Lithology and age of sediments. Subfossil vegetation

The studied cores differed in thickness and typology of sediments. In SIII and SVI profiles, dy-type sediment, as well as water gaps, was noted (Figs. 2, 3, respectively). Most of the peat material comprised vegetative remains such as tissues of vascular plants and remains of mosses—leaves, branches and stems. Fruits and seeds were found sporadically, and only birch nuts were more frequent among them—especially in the SVI core (Fig. 3).

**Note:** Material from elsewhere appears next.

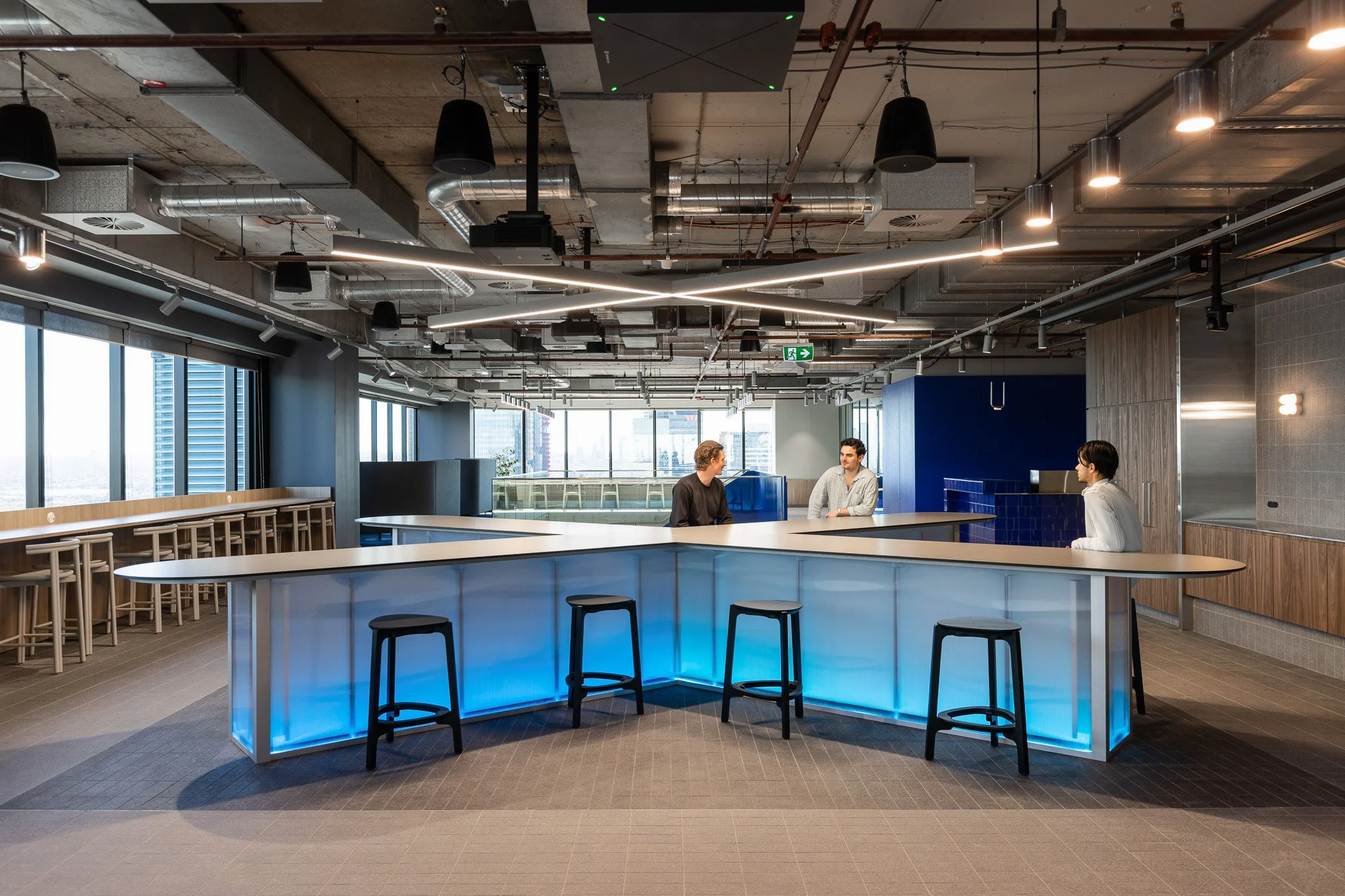 As visitors, and employees ascend the feature staircase, they’re greeted by more sweeping views of the CBD and an expansive collaboration zone with a custom table shaped in the form of a brand adjacent “X.” This distinctive piece serves as a central feature for events, positioned conveniently beside the kitchen.

Two radiocarbon dates were obtained for each core (Table 2). The age of bottom sediments was as follows: 13075–12700 cal BP for SVI; 10115–9670 cal BP for SIII and 8747–8479 cal BP for JW. In the SIII profile, poor fen Sphagnum peat and Sphagnum peat were recognized (Fig. 2), as well as three main plant macrofossil zones (Fig. 2; Table 4). Peat is strongly and slightly decomposed (Fig. 2). In the SVI profile, brown moss peat and poor fen Sphagnum peat were described (Fig. 3). Two main plant macrofossil zones were recognized (Table 5). Degree of peat decomposition achieves different values (Fig. 3). In the JW core, poor fen Sphagnum peat, sedge-reed peat and sedge-Sphagnum peat were noted (Fig. 4), as well as three plant macrofossil zones (Fig. 4; Table 6). Peat is medium and strongly decomposed, mainly (Fig. 4).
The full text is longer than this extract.